**DATA SEGMENT**

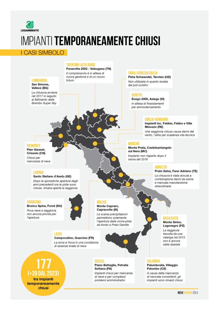 Il Cigno verde informa infatti che sono 177 gli impianti temporaneamente chiusi nella Penisola (+39 unità rispetto al report precedente), di cui 92 sull’arco alpino e 85 sull’Appennino.
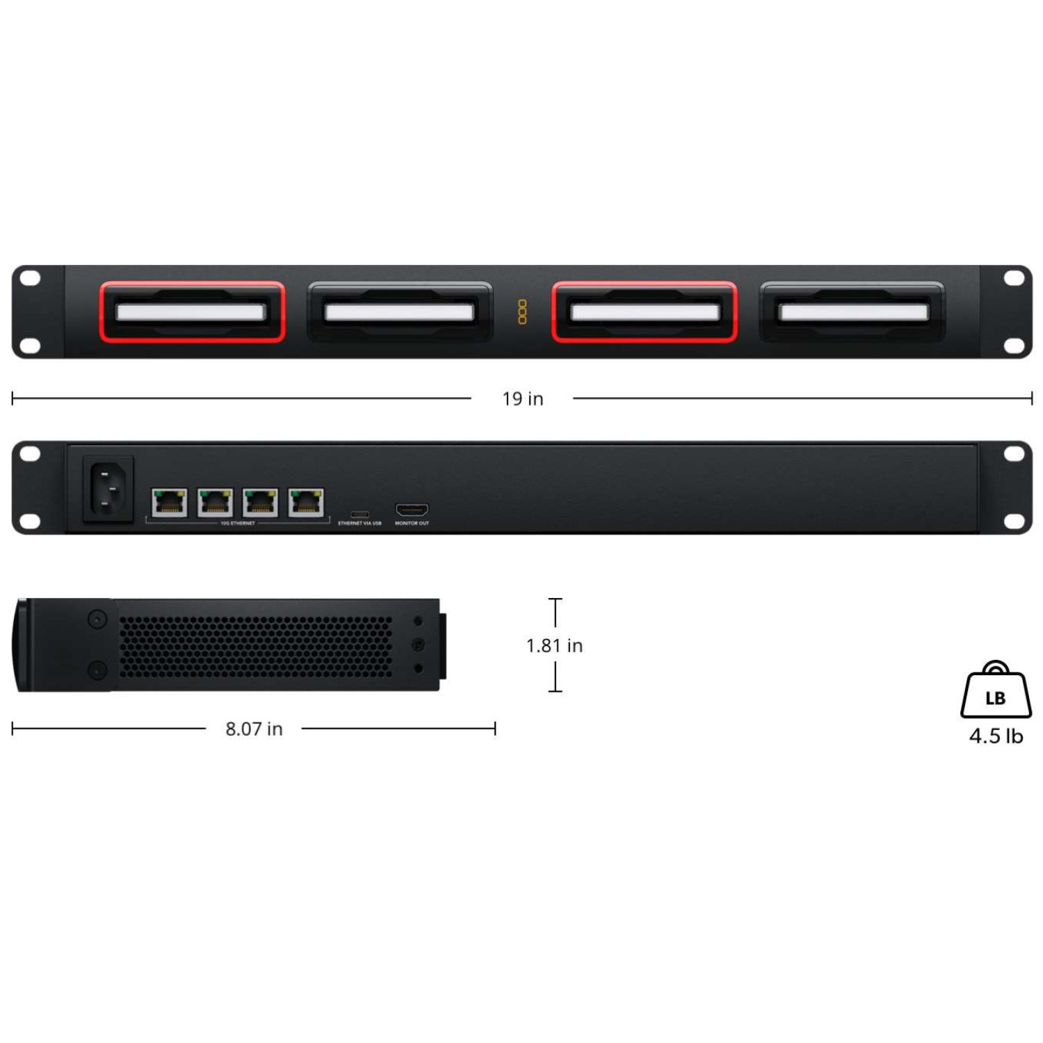 Equipped with four 10G Ethernet ports, it allows multiple editors or systems to access shared media simultaneously with minimal latency. In addition, an Ethernet-over-USB-C port offers added flexibility for configuration and network access, while global collaboration is enabled through Blackmagic Cloud synchronization and Amazon S3 sync.
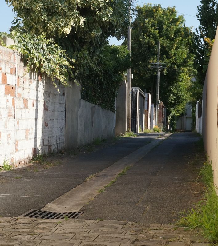 Voie privée en cul de sac. Exemple de lotissement d'une parcelle particulièrement étroite; maisons adossées à la limite séparative. Sol en graviers facilitant l'écoulement des eaux pluviales.
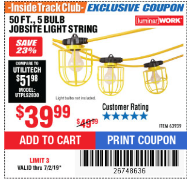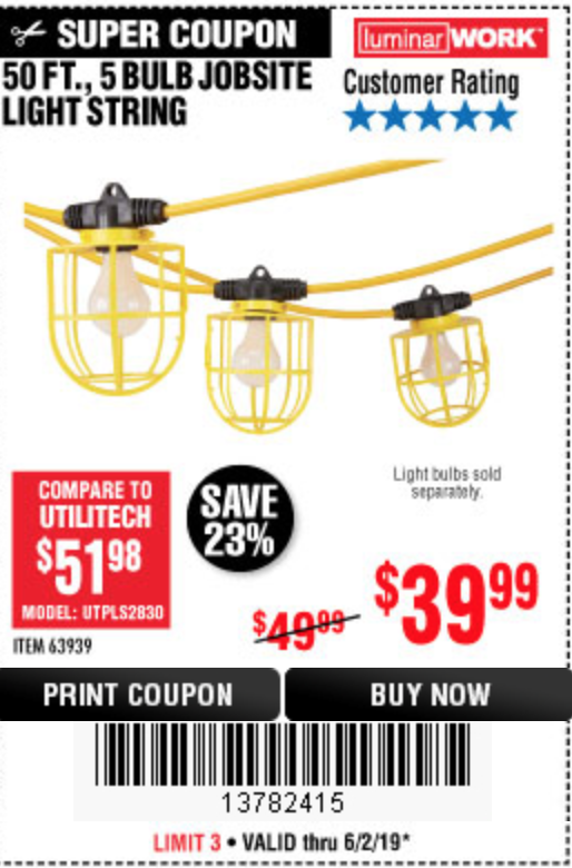 50 FT., 5 BULB JOBSITE LIGHT STRING Lot No. 63939 Expired: 6/2/19 - $39.99 Coupon Code: '13782415'

**TASK DIRECTIONS**
Please set the data above down exactly, with the pictures removed.

**ANSWER FOR THIS EXERCISE**
 Il Cigno verde informa infatti che sono 177 gli impianti temporaneamente chiusi nella Penisola (+39 unità rispetto al report precedente), di cui 92 sull’arco alpino e 85 sull’Appennino.
 Equipped with four 10G Ethernet ports, it allows multiple editors or systems to access shared media simultaneously with minimal latency. In addition, an Ethernet-over-USB-C port offers added flexibility for configuration and network access, while global collaboration is enabled through Blackmagic Cloud synchronization and Amazon S3 sync.
 Voie privée en cul de sac. Exemple de lotissement d'une parcelle particulièrement étroite; maisons adossées à la limite séparative. Sol en graviers facilitant l'écoulement des eaux pluviales.
 50 FT., 5 BULB JOBSITE LIGHT STRING Lot No. 63939 Expired: 6/2/19 - $39.99 Coupon Code: '13782415'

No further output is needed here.